:: DATASET EXCERPT ::
___

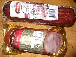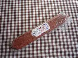 Czech Republic and Slovakia Tradiční Lovecký salám / Tradičná Lovecká saláma EU/UK Tradiční Lovecký salám (Czech) / Tradičná Lovecká saláma (Slovakian) is a fermented meat product produced from mainly from pork, containing also beef. The products is produced in rectangular blocks.[3]
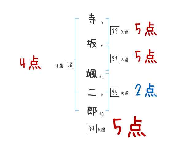 寺坂颯二郎さんの画数の鑑定結果
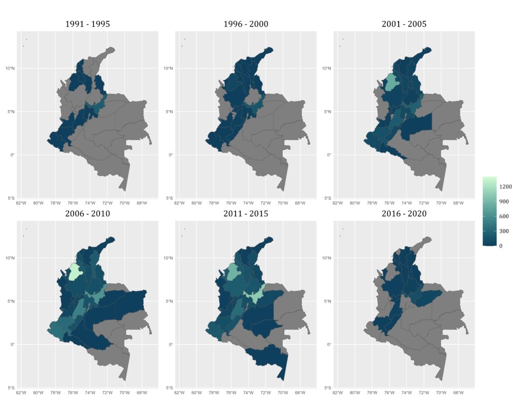 This set of maps displays the number of public land plots handed in by local lower court judges from 1991 to 2018. The darker the department, the higher the number of public land plots. Two clear clusters emerge from this map: one located in the Caribbean region (the northeastern area), and another placed in the Andean region (central area). These maps also show that the phenomenon under study was initially clustered in focal points in early 1990s and began expanding nationwide in the late 1990s and early 2000s. Since 2003, local lower courts significantly allotted public land in Córdoba compared to other departments. Then, Boyacá emerged as another niche for the judicial allocation of public land in mid-200s. After 2016, this phenomenon has shrunk in spatial terms, being limited to Caribbean departments.

___

:: WHAT THE EXERCISE ASKS ::
With the pictures removed, set down the entire listing exactly.

:: RESPONSE AREA ::
 Czech Republic and Slovakia Tradiční Lovecký salám / Tradičná Lovecká saláma EU/UK Tradiční Lovecký salám (Czech) / Tradičná Lovecká saláma (Slovakian) is a fermented meat product produced from mainly from pork, containing also beef. The products is produced in rectangular blocks.[3]
 寺坂颯二郎さんの画数の鑑定結果
 This set of maps displays the number of public land plots handed in by local lower court judges from 1991 to 2018. The darker the department, the higher the number of public land plots. Two clear clusters emerge from this map: one located in the Caribbean region (the northeastern area), and another placed in the Andean region (central area). These maps also show that the phenomenon under study was initially clustered in focal points in early 1990s and began expanding nationwide in the late 1990s and early 2000s. Since 2003, local lower courts significantly allotted public land in Córdoba compared to other departments. Then, Boyacá emerged as another niche for the judicial allocation of public land in mid-200s. After 2016, this phenomenon has shrunk in spatial terms, being limited to Caribbean departments.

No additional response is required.